Не откройся моя связь с ее сестрой (хотя скрыть ее было довольно трудно – мы так далеко зашли, что совсем потеряли голову), у нас с Идзуми так бы все и тянулось. Встречались бы, когда я приезжал из Токио на каникулы. Не знаю, сколько бы это продолжалось. Но через несколько лет наш роман, скорее всего, умер бы сам собой. Мы были слишком разные, и со временем пропасть между нами становилась все глубже. Сейчас, когда я оглядываюсь назад, это кажется таким очевидным. Но если уж расставание было неизбежным, оно вполне могло пройти мирно, по-товарищески, и мы бы взошли в этой жизни на новую ступеньку. Так бы, наверное, и получилось, не свяжись я с сестрой Идзуми.
Но все вышло иначе.
Я обошелся с Идзуми жестоко и, в общем, понимал, какую причинил ей боль. Судя по школьным оценкам, она без труда могла поступить в университет, но провалилась на экзаменах и начала учебу в каком-то заштатном женском колледже. После того, как все открылось, мы виделись с Идзуми только раз – долго объяснялись в кафе, где раньше часто бывали. Стараясь быть откровенным до конца, я тщательно подбирал слова, чтобы раскрыть ей свои чувства. Говорил, что не надо делать трагедию из того, что произошло у меня с ее сестрой. Что это – побочное явление, физическое влечение и больше ничего. Что я не собирался ее предавать, поэтому мне стыдиться нечего. Что к нам это никакого отношения не имеет.

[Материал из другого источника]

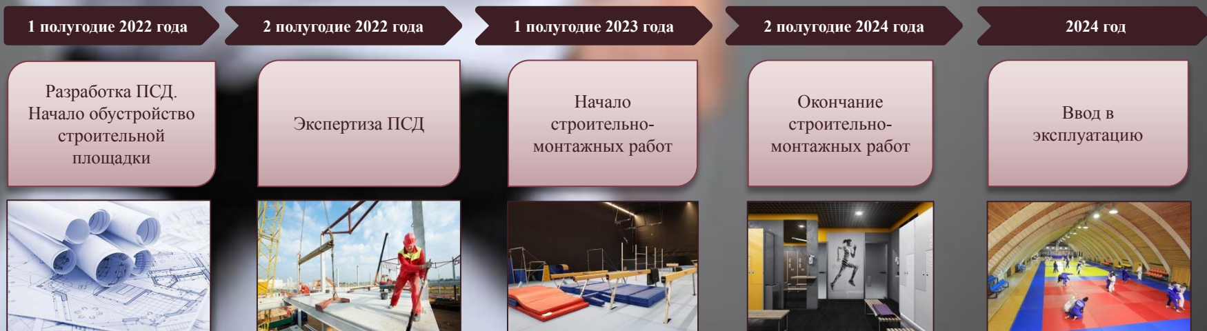
График реализации проекта.

Но Идзуми, конечно же, ничего не поняла. Обозвала меня грязным лгуном. В общем-то, по делу. Ведь я, ничего ей не сказав, тайком спал с ее сестрой. Не раз и не два, а десять, двадцать раз. Все это время я ее обманывал. Зачем? Если я такой хороший, зачем было морочить ей голову? Потому что я хотел ее сестру. Безумно хотел иметь ее! Тысячу раз, во всех мыслимых и немыслимых позах. Надо было сразу сказать Идзуми, что к ней это не имеет никакого отношения. Но я не решился и начал врать. Начал и уже не мог остановиться. Выдумывал какой-нибудь предлог, чтобы не встречаться с Идзуми, и мчался в Киото, под одеяло к ее сестрице. Что ж тут было оправдываться, раз кругом виноват?
Идзуми узнала обо всем в конце января, вскоре после моего дня рождения – мне как раз исполнилось восемнадцать. В феврале я легко сдал все экзамены в университет и в конце марта должен был ехать в Токио. Перед отъездом я чуть телефон не оборвал, названивая Идзуми. Она не брала трубку. Я писал ей длинные письма и не получал ответа. Искренне переживал: «Нельзя же просто взять и уехать. Бросить Идзуми в таком состоянии». Но что тут можно было сделать? Она не хотела меня больше знать.